Ataque à soberania dos Cantões

A iniciativa é combatida pelo governo federal, que entente garantir o financiamento do AVS no contexto de uma ampla reforma da previdência através de um aumento do imposto sobre o consumo (TVA). Segundo o governo, o projeto da esquerda aumentaria a carga fiscal de muitos herdeiros, dado que atualmente somente três cantões taxam atualmente os descentes diretos e poderia forçar contribuintes ricos a deixarem a Suíça.

Apoiado nos diretores cantonais de finanças, o governo se opõe à transferência de competência à Confederação, que significaria uma ingerência na soberania dos cantões e reduziria a possibilidade de concorrência fiscal dentro do país. Além disso, o governo federal prevê, em geral, uma queda na receita fiscal dos cantões.

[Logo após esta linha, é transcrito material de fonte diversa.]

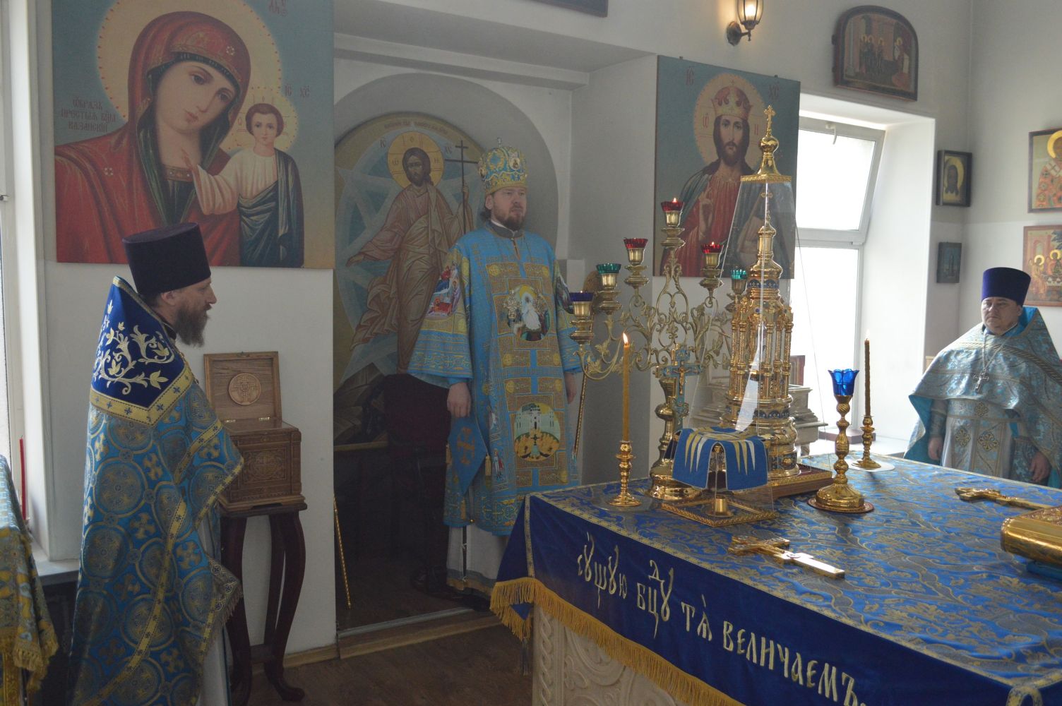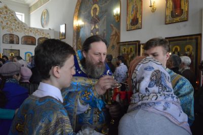 По отпусте литургии было совершено славление Пресвятой Владычице нашей Богородице и Приснодеве Марии в честь праздника Ея Благовещения.

A crítica é rejeitada pelos promotores da iniciativa. “Essa proposta visa sobretudo financiar o AVS, uma instituição federal. Me parece lógico ter um sistema de financiamento federal e não cantonal. Se alguns cantões terão redução de receita, outros receberão mais do que recebem atualmente”, afirma Jean.Christophe Schwaab, deputado federal do Partido Socialista (PS). A seu ver, uma redução da concorrência fiscal e do turismo do imposto sobre a sucessões só pode beneficiar todo o país.

Empresas familiares ameaçadas

A soberania dos cantões em matéria fiscal é defendida pela maioria burguesa do Parlamento, que é claramente contra a iniciativa. Os representantes de centro e de direita criticaram a retroatividade do imposto sobre as doações, considerada contrária ao direito vigente. A seu ver, a proposta da esquerda é iníqua. Uma pessoa que herda 1,99 milhão de francos não pagaria imposto algum enquanto outra que herdasse 2,1 milhões pagaria 525 mil de impostos. 

Riqueza em poucas mãos

Conforme dados do fisco federal, apenas 2% dos contribuintes possuem mais de 2 milhões de francos suíços (sem considerar os haveres acumulados na caixa de pensão).

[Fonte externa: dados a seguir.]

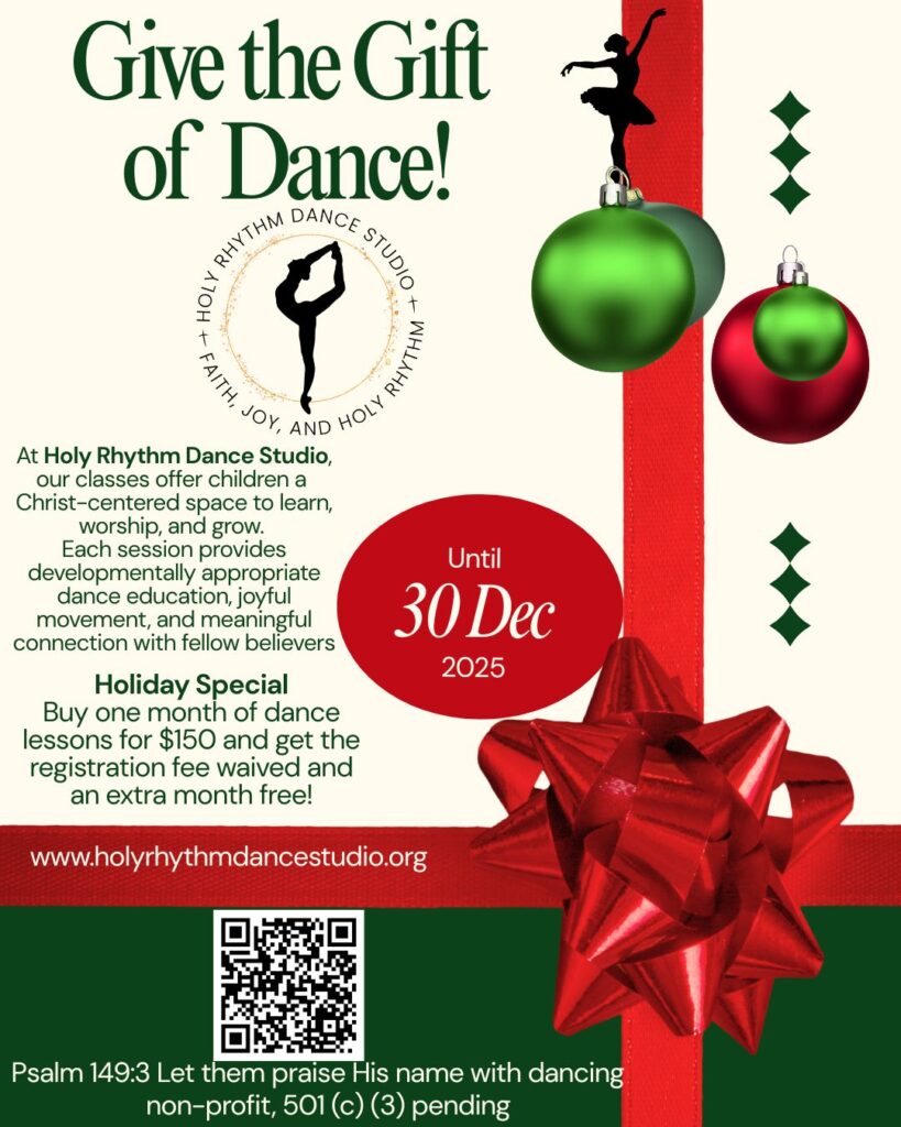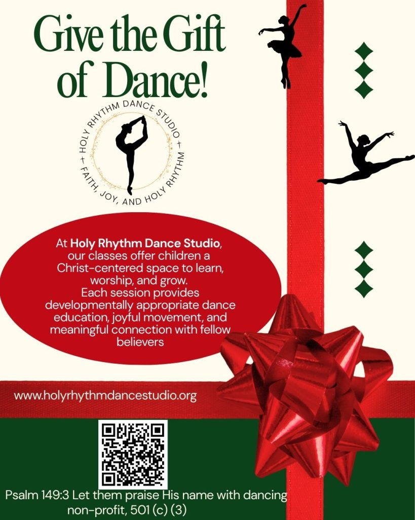 Holy Rhythm Dance Studio offers a joyful, Christ-centered environment where children can learn, worship, and grow. Each session includes developmentally appropriate instruction, expressive and fun movement, and meaningful fellowship with other believers. Our dancers are encouraged to use their God-given gifts—and their developing technique—to worship the Lord through dance, embracing His faith, joy, and holy rhythm. Thank you for helping us continue this mission.

1% da população detém 40% da riqueza nacional. Os 2% mais ricos detém 50%.

26% da população não têm patrimônio algum e 50% possuem menos de 50.000 francos suíços.

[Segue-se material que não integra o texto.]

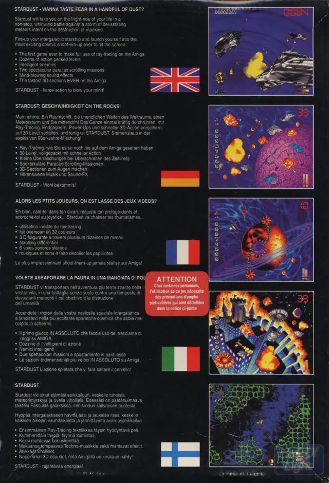 Stardust is basically Asteroids, but with a lot of gameplay modifications. There are 30 standard levels split into 5 worlds. The 6 levels a world is made of can be completed in any order. However, you must fight an end-of-level bad guy once you have finished the 6th level of a world. While each level has the standard disintegrating rocks to destroy, all but 2 of them have extra bad guys, with a range of attack patterns.

De acordo com a oposição, o novo imposto aumentaria a carga fiscal na Suíça,  comprometendo a praça econômica. “A Suíça está entre os poucos países europeus que aplicam ainda o imposto sobre o patrimônio. Se a iniciativa for aprovada pelos eleitores, deveremos suportar uma tripla imposição: imposto de renda, sobre o patrimônio e sobre as sucessões”, declara Jean-François Rime, deputado federal do Partido do Povo Suíço (SVP, na sigla em alemão).

Rime preside a União de Artes e Ofícios (USAM), que representa os interesses das pequenas e médias empresas e considera que a iniciativa ameaça o futuro de muitas empresas familiares. “A introdução de um alíquota de 20% aplicada aos descendentes diretos pode complicar muito as sucessões familiares. Para pagar o imposto, muitos herdeiros serão obrigados a vender a empresa ou deixar de fazer investimentos por muito tempo”.

Disparidade chocante

Jean Christophe Schwaab defende a iniciativa. “O texto indica claramente que a alíquota  de 20% será reduzida para aqueles que herdam as empresas ou fazendas e continuem a sua atividade durante pelo menos 10 anos. A tarifa deverá ser fixada na lei de aplicação. Vale lembrar que, se poucos países taxam o patrimônio e as sucessões, a carga fiscal na Suíça permanece uma das mais baixas da Europa.”

O deputado federal socialista acrescenta que “na Suíça a desigualdade é crescente e pode comprometer não somente a coesão social mas também o desenvolvimento econômico. Essa disparidade é ainda mais chocante em um país rico como o nosso, onde muitas pessoas que trabalham e muitas famílias precisam recorrer a ajuda social para fechar o mês. A iniciativa é particularmente equitativa porque pretende taxar apenas as sucessões milionárias para reforçar a aposentadoria mínima (AVS), a instituição social mais sólida e solidária da Suíça”.